An innovative method for college instruction

Training in presentation skills: An innovative method for college instruction

Shaw, Victor N

This paper introduces an innovative method of training in presentation skills for college students. The method involves the adoption of an audience-in-charge format to motivate students to present academic materials in a professional manner. It is described, explained, and analyzed with respect to its background, rationale, procedure, student reaction, and pedagogical significance. The major features of the method are: students take the instructor’s perspective; they internalize class performance standards; and they hence voluntarily follow those standards in their attitudes and behavior toward learning and instruction.

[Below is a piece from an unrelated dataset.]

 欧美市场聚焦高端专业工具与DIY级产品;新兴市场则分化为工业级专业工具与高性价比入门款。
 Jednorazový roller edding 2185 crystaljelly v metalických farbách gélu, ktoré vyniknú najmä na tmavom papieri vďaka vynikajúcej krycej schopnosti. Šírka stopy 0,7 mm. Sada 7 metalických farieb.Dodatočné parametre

Presenting is an essential skill in the social sciences (Shaw, 1999). In my classes, I provide opportunities for students to practice and improve their presenting skills in a wide range of content presentations: topic presentation, theme presentation, chapter presentation, fieldwork presentation, and research project presentation. To make presentation an active learning experience for students, I adopt a “face the audience, they are the judges” format.

Background

Presenting is itself an exercise in active learning: Students develop, organize, and present ideas and materials on an issue (Bonwell 1991; Adams & Hamm, 1994). The effect of active learning, however, can be minimal when students are not properly involved in the presenting process. In my experience, a presenting student may just come behind the podium making jokes or reading a text to a laughing or not-care– at-all class when presentation is not evaluated by either the instructor or the class. The situation does not improve much when presentation is only graded by the instructor.

Rationale

A presenting student speaks to the class. He or she is supposed to be concerned enough with his or her public image to do an impressive job (Janis, 1982). The class listens to him or her. It is supposed to be polite or serious enough to give him or her a positive reaction. Why does the natural link between a presenter and his or her audience become so often weakened in the classroom setting? Obviously, there is a need to engage both speaking and listening students in the presentation process through a new evaluation or accountability system.

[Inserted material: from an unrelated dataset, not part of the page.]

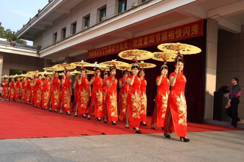夷陵区老年大学举办“喜庆十九大 欢度重阳节”旗袍秀快闪活动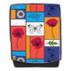 Colourful boxes and hand drawn poppies, daisy and butterfly, seamless vector pattern

In the spirit of active learning, if a speaking student is held accountable for his or her performance by the audience, he or she would make an effort in researching an issue and presenting his or her research in a clear, informative, and convincing way. If students in the audience are charged with the responsibility to evaluate each presentation, they would listen and respond to the speaker with attention, critical comments, and judgmental decisions. Most important, as students rotate between roles of presenter and evaluator, they will be able to take the instructor’s perspective.

Specifically, they internalize class requirements and use class requirements to not only guide their judgment on presentation by other class participants, but also direct the preparation and delivery of their own presentation (Angelo, 1991; Morgan– Fleming, 2000; Speicher & Bielanski, 2000).

Procedure

First, in the syllabus, I provide clear statements about presentation requirements, what they present on, how long it lasts, how they evaluate and are evaluated, and how much it counts toward the total class score. Regarding evaluation standards, I generally say “your presentation will be evaluated by other class participants according to (a) the relevance of your presentation to the theme of the course; (b) the theoretical depth, empirical richness, and/or practical significance of your presentation; (c) the length of your presentation; and (d) the manner and style of your presentation.” I then attach an evaluation form for students to duplicate for use in each presentation meeting in the semester. In the form, they can give each presenter A, B, C, D, or F for his or her presentation in terms of content, organization, clarity, manner/style, and overall performance.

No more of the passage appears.